Далёкое завтра
Шрифт:
– Пошёл ты, – выдавила из себя Зои.
– Ну, как знаешь, – Гафт махнул рукой и отключился. А Каплан потянулась за одеждой. Так или иначе, ей не удастся избежать жизни. Ее опять реинкарнируют. Но можно бороться изнутри. Она пока еще не знает как, но шанс представится! Обязательно представится!
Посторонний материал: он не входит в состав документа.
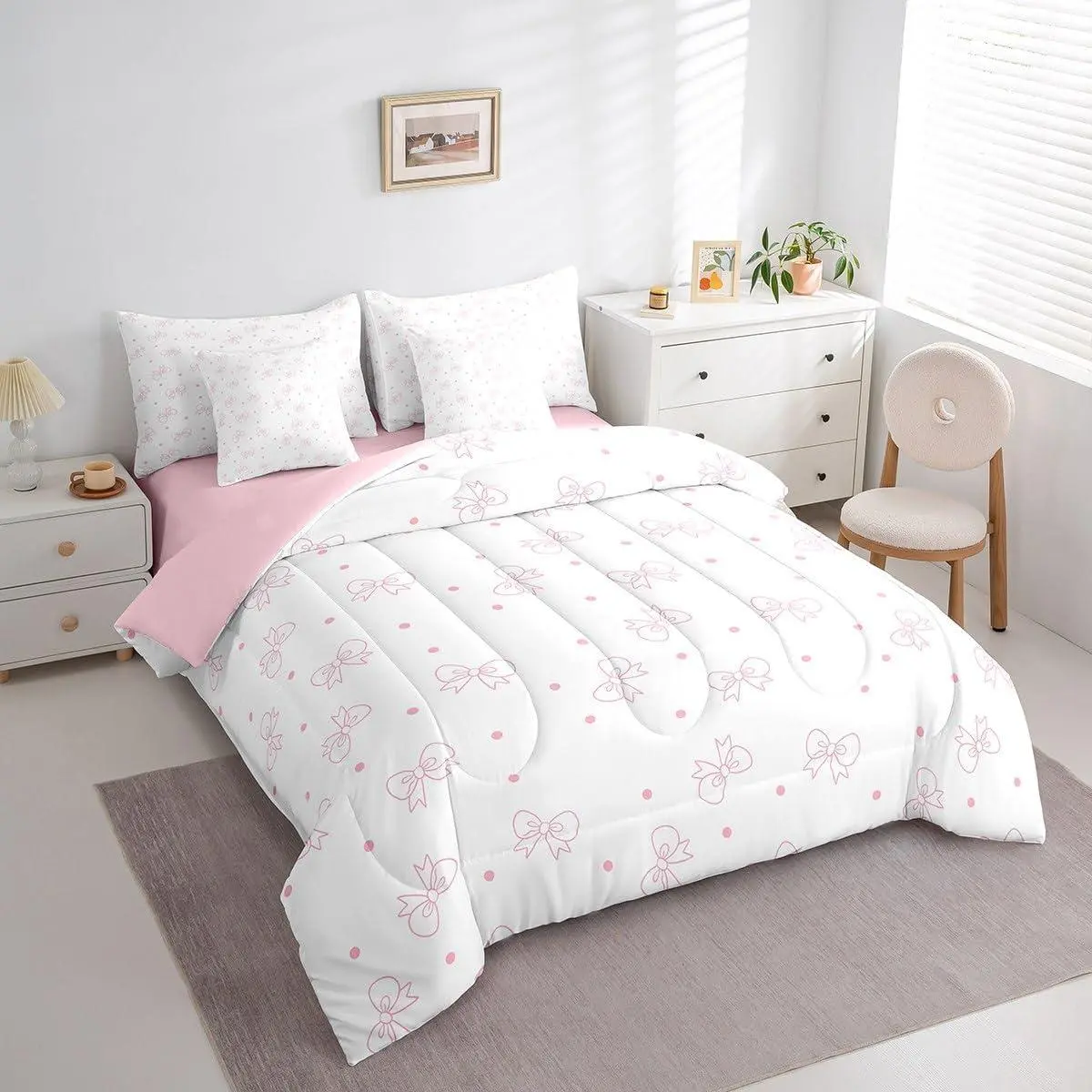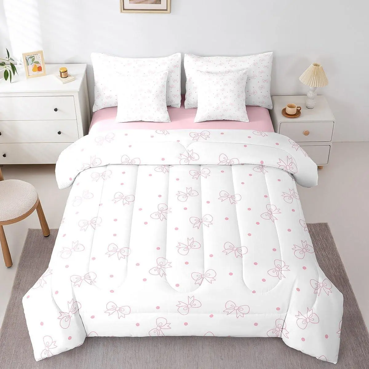 5. 7 Pieces Pink Bows Comforter Set,Cute Bowknot Print Bedding Set,Cartoon Bow Tie Girly Bed in A Bag with Comforter,Sheets and Pillowcases,Kids Girls Princess Room Decor

А воспоминания придадут ей ненависть и достаточно силы, чтобы выдержать все, что угодно, и решиться на любое безумство.
Глава 3. Скверность
Антон сломался. Он не чувствовал себя настолько беспомощным с момента, когда его жалкого, мокрого и без сил, но наполненного знаниями предшественников, извлекли из камеры ускоренного роста. Биоин был испуган и дезориентирован. Несмотря на ясное понимание происходящего, – репликам еще в капсуле роста внедряли матрицу сознания предшественников, – он не мог говорить и самостоятельно
Теперь же как будто все повторилось. Словно его только что выкинули из камеры роста, выдернули из общего организма, выщипнули как атом из мироздания и оставили одного. Голос КИРы больше не появлялся, цифровой интерфейс, давно воспринимаемый частью внутреннего мира, умер и не воскрешал, сколько Антон ни просил и ни стучал пальцами по запястью. Это походило на ампутацию, когда человека лишают одной из важных частей тела, ноги ль, руки, или другого органа. Интерфейс вживлялся еще в капсуле роста, и в течение жизни единица общества настолько привыкала к взаимодействию с ней, что не замечала. Это как подсознательное знание: ты ходишь, но не думаешь об этом, кушаешь, не замечая, как, или ощущаешь потребность в чем-то необходимом. Так же срастается с человеком и его сознанием интерфейс.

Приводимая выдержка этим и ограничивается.